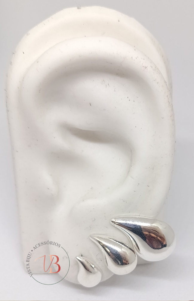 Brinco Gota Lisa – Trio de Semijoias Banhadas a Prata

...

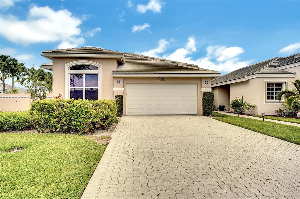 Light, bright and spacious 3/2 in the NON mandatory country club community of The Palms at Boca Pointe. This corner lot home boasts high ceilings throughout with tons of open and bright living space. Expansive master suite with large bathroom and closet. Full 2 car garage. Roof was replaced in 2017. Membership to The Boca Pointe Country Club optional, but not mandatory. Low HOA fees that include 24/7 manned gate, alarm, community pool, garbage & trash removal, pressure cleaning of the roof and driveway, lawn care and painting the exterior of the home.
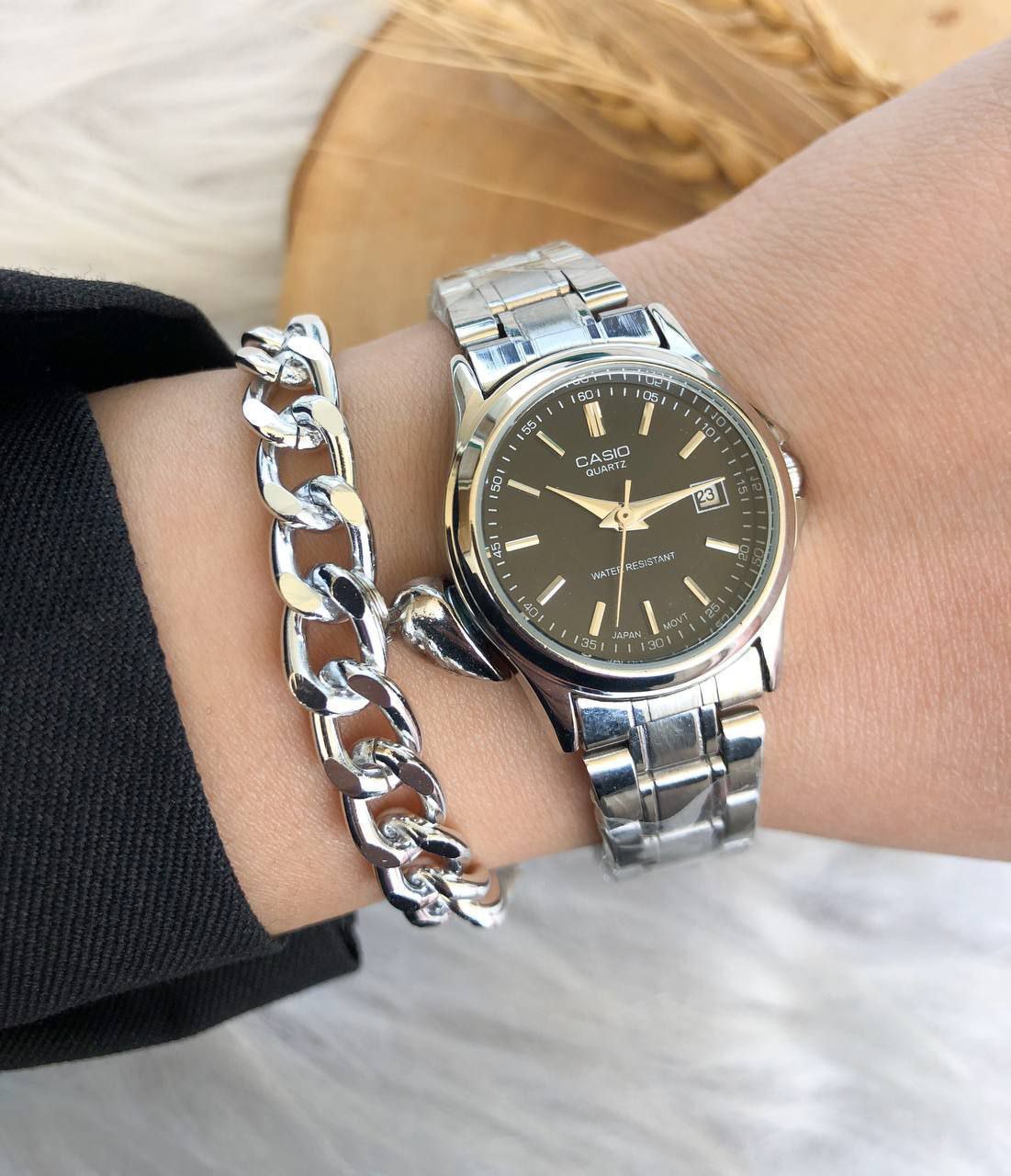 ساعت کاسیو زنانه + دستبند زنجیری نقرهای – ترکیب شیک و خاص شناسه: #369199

## YOUR ASSIGNMENT
Skip every picture, and restate word for word only the lines above from the line containing "Light, bright and" to the line containing "ساعت کاسیو زنانه", both of them included.

## RESULT BELOW
 Light, bright and spacious 3/2 in the NON mandatory country club community of The Palms at Boca Pointe. This corner lot home boasts high ceilings throughout with tons of open and bright living space. Expansive master suite with large bathroom and closet. Full 2 car garage. Roof was replaced in 2017. Membership to The Boca Pointe Country Club optional, but not mandatory. Low HOA fees that include 24/7 manned gate, alarm, community pool, garbage & trash removal, pressure cleaning of the roof and driveway, lawn care and painting the exterior of the home.
 ساعت کاسیو زنانه + دستبند زنجیری نقرهای – ترکیب شیک و خاص شناسه: #369199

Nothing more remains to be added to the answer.